Frage: Können Sie mir noch etwas zu den Autorinnen und Autoren der Beiträge sagen? Wer engagiert sich da?
Balbach: Auch das unterscheidet sich zwischen Katholiken und Protestanten. Die Katholiken haben einen wesentlich kleineren Kreis an Autorinnen und Autoren und sprechen ihre Beiträge selbst ein. Sie haben sich dafür entschieden, auf professionelle Sprecher zu verzichten, um ein hohes Maß an Authentizität zu erreichen. Die Protestanten haben einen größeren Autorenkreis, aber dafür eine professionelle Sprecherin und einen professionellen Sprecher. Diese beiden tragen die evangelischen Beiträge im Radio vor.

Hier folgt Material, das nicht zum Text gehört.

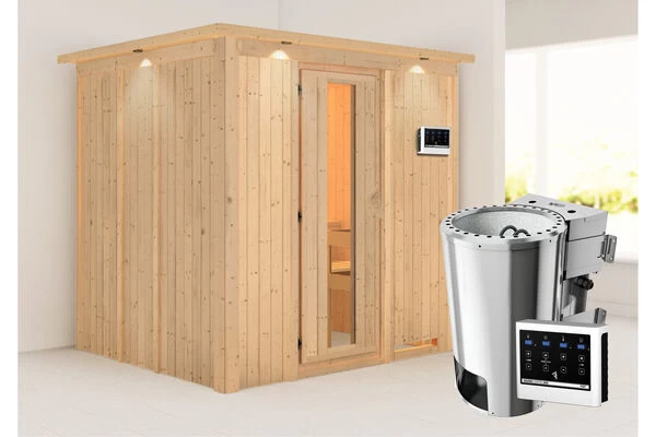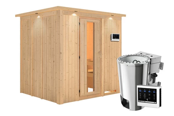 Energiespar-Sauna Eupin aus Fichtenholz mit Fronteinstieg und Dachkranz, naturbelassen in verschiedenen Ausführungen von KARIBU
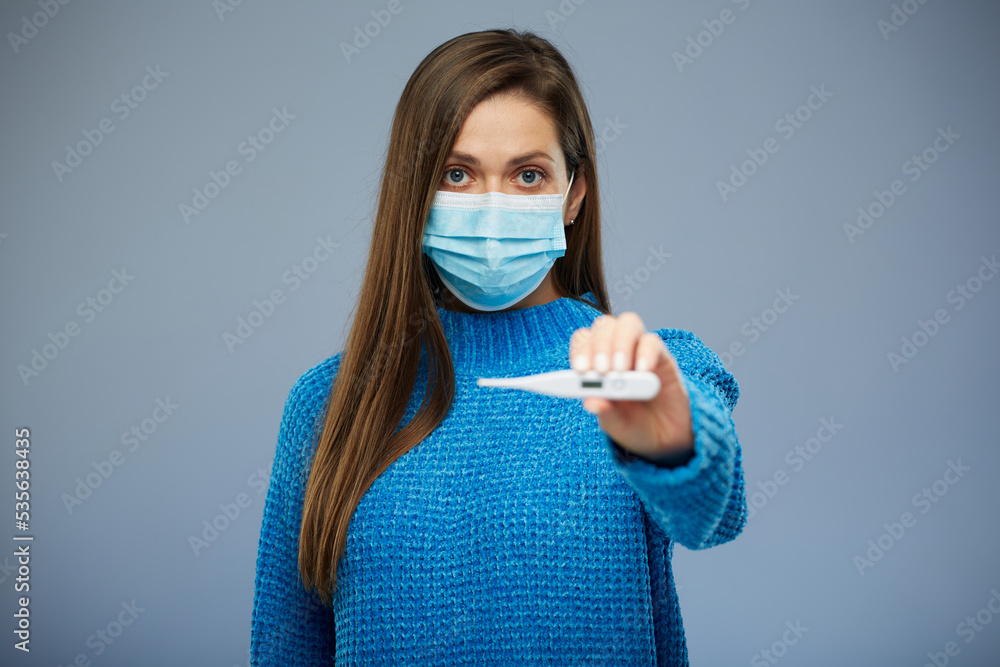 Woman wearing blue medical mask showing thermometer. Health and medical isolated concept portrait.

Dadurch erreichen sie ein hohes Maß an professioneller Performanz und Wiedererkennung. Als Autorinnen und Autoren engagieren sich bei den Katholiken viele Laien und Theologiestudierende, bei den Protestanten sind es mehr Pfarrleute.
Frage: Und was lässt sich zu der Glaubenseinstellung der Schreibenden sagen?
Balbach: Man sieht, dass der Glaube allen sehr wichtig ist. Aber gerade auf katholischer Seite lässt sich eine Diskrepanz zwischen kirchlicher Lehre und eigenem Glauben feststellen. Wir sehen, dass die jungen Autoren und Autorinnen nicht nur Dinge sagen, die auch aus der Presseabteilung der Kirche kommen könnten. Aber das macht gerade die Authentizität der Beiträge aus.